Overall residential area has maximum value of APTI as compare to road side area with the exception that some samples show reverse results which show that road side trees are sensitive to air pollution as these plants are indicative of higher pollution exposure such as dust pollution and gaseous pollutants which alter the functioning, biochemical makeup and tolerance capacity of plants to the air pollution [42]. Thus road sides (Lahore) are suffering from a more severe case of air pollution as a result of heavy vehicle and industrial emission as compared residential areas (University of the Punjab) which are heavily planted and there are no industries.

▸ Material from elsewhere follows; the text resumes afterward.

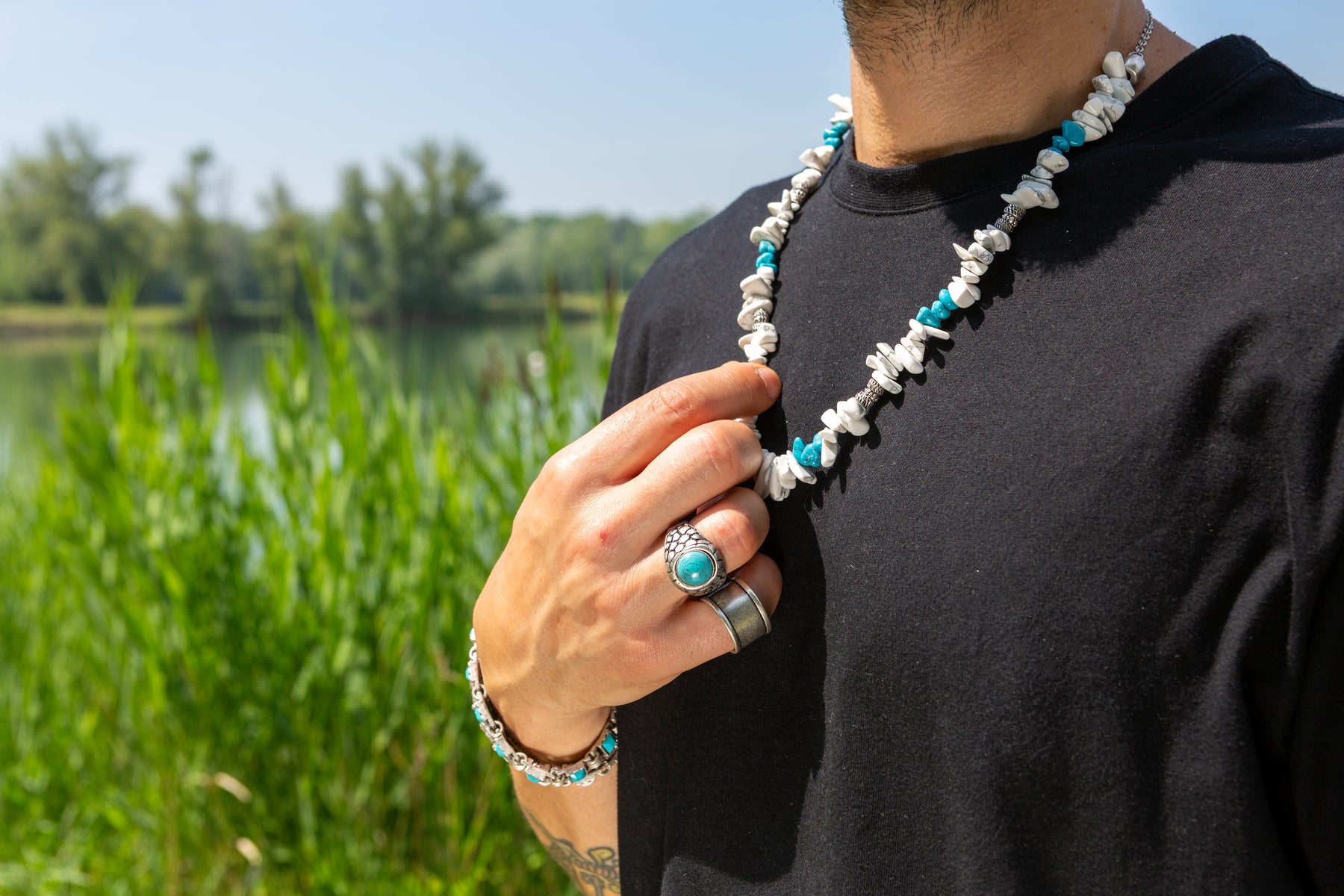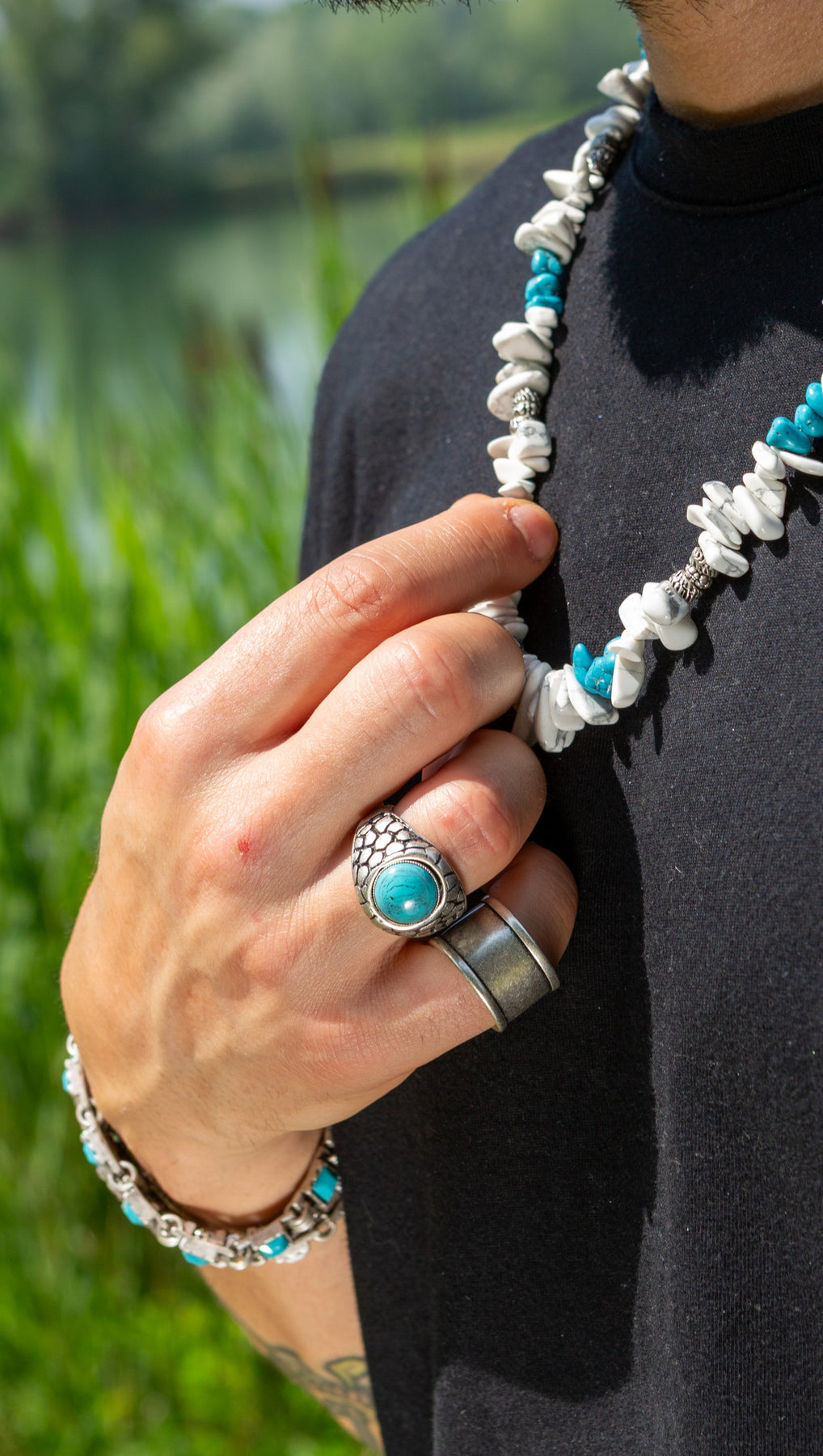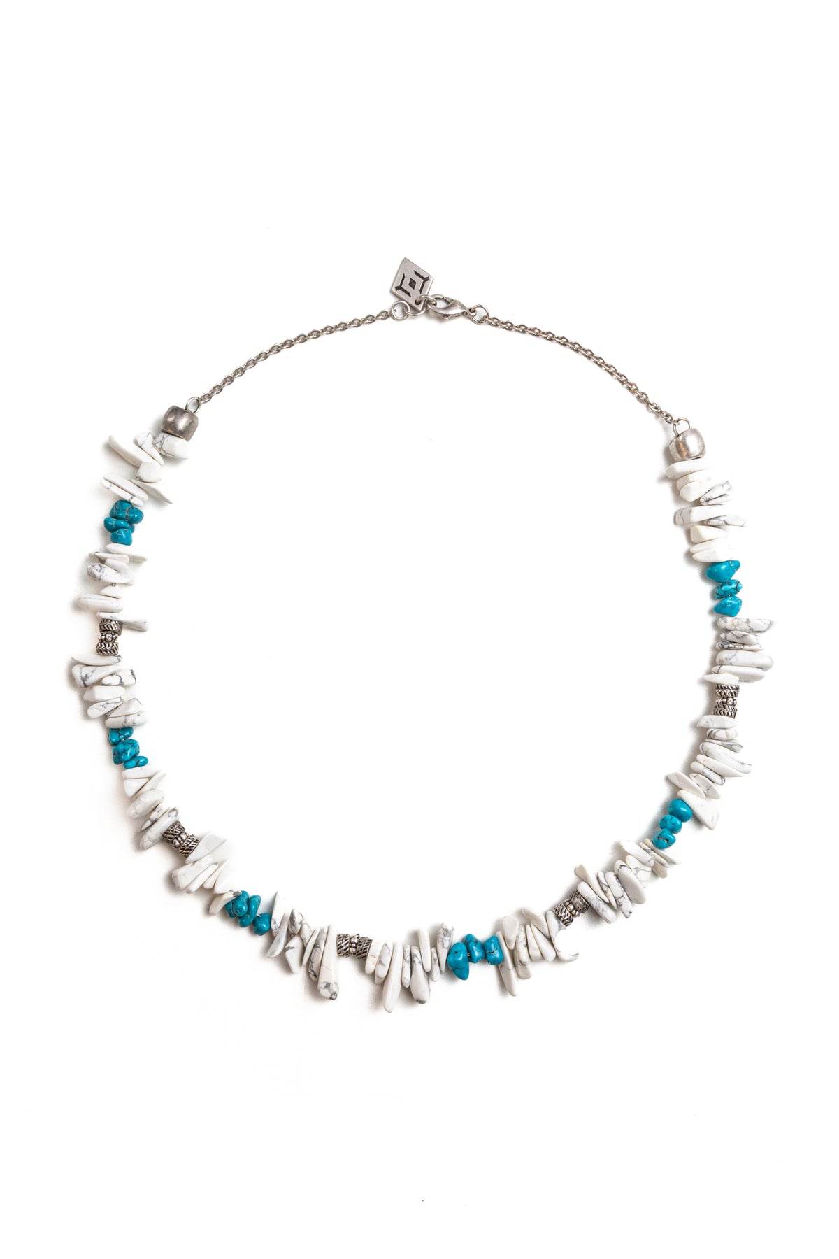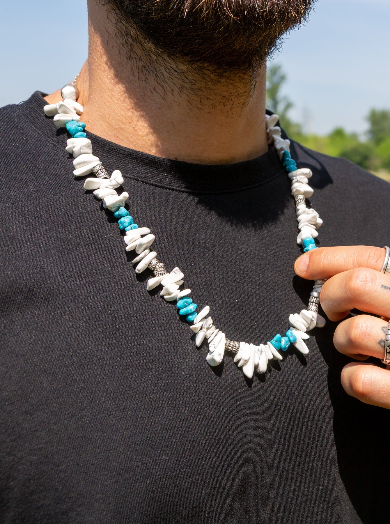 La collana Tremiti è una collana realizzata con pietre naturale in turchese bianco e turchese azzurro. Entrambi sono associati a proprietà di protezione, calma, serenità e comunicazione. Insieme a queste pietre dure naturali sono alternate componenti in lega seminaturale (zinco, magnesio, alluminio) rivestite in argento brunito anallergico. La collana Tremiti la puoi indossare da sola o assieme ad altri gioielli Cryady. Per uomo e per donna. Ogni creazione Cryady è realizzata artigianalmente con amore e passione, proprio per questo una non sarà mai perfettamente identica all’altra come se fosse un prodotto realizzato in serie.

According to World air quality report in 2018 Lahore ranked 10 in IQAir Air Visual [43]. Overall the second-most polluted nation in the world is Pakistan due to air pollution which increase in winters in the form of smog and due to reduced air dispersion on the leaf surface [44]. Natural system is adversely effected by deprived air quality and it did not only effects the plants but also human and animals as well [45] and it is more challenging to control it as compare to soil and water pollution.

5 Conclusion

Plants trees are constantly exposed to air contaminants; these pollutants build up inside of them. The leaves' natural characteristics are changed, and they become more vulnerable to pollution as a result. Plant life is threatened by pollutants from traffic emissions because they make plants sensitive. This sensitivity was determined using the air pollution tolerance index (APTI) and several biochemical parameter measurements. However, the vulnerability levels of various plant species growing near traffic and residential regions in Lahore city had assessed on the basis of APTI. It is possible to determine which species are more sensitive to air pollution and which are more tolerant by comparing the APTI values of various species. The study's findings showed that every sampled species was found to be particularly sensitive to air pollution in areas near roads, indicating that they are very vulnerable to the negative impacts of air pollution from vehicle emissions. Results show that Alstonia scholaris show maximum (9.15) and Magnifera indica show minimum (6.51) APTI values in residential areas while Magnifera indica shows maximum (8.95) and Bougainvillea glabra shows minimum (5.75) APTI value in roadside areas. The importance of APTI assessments is due to the growing risk of deforestation brought on by air pollution with rising urbanisation. The outcomes of such research are therefore useful for planning the future and may be useful in identifying potential control measures.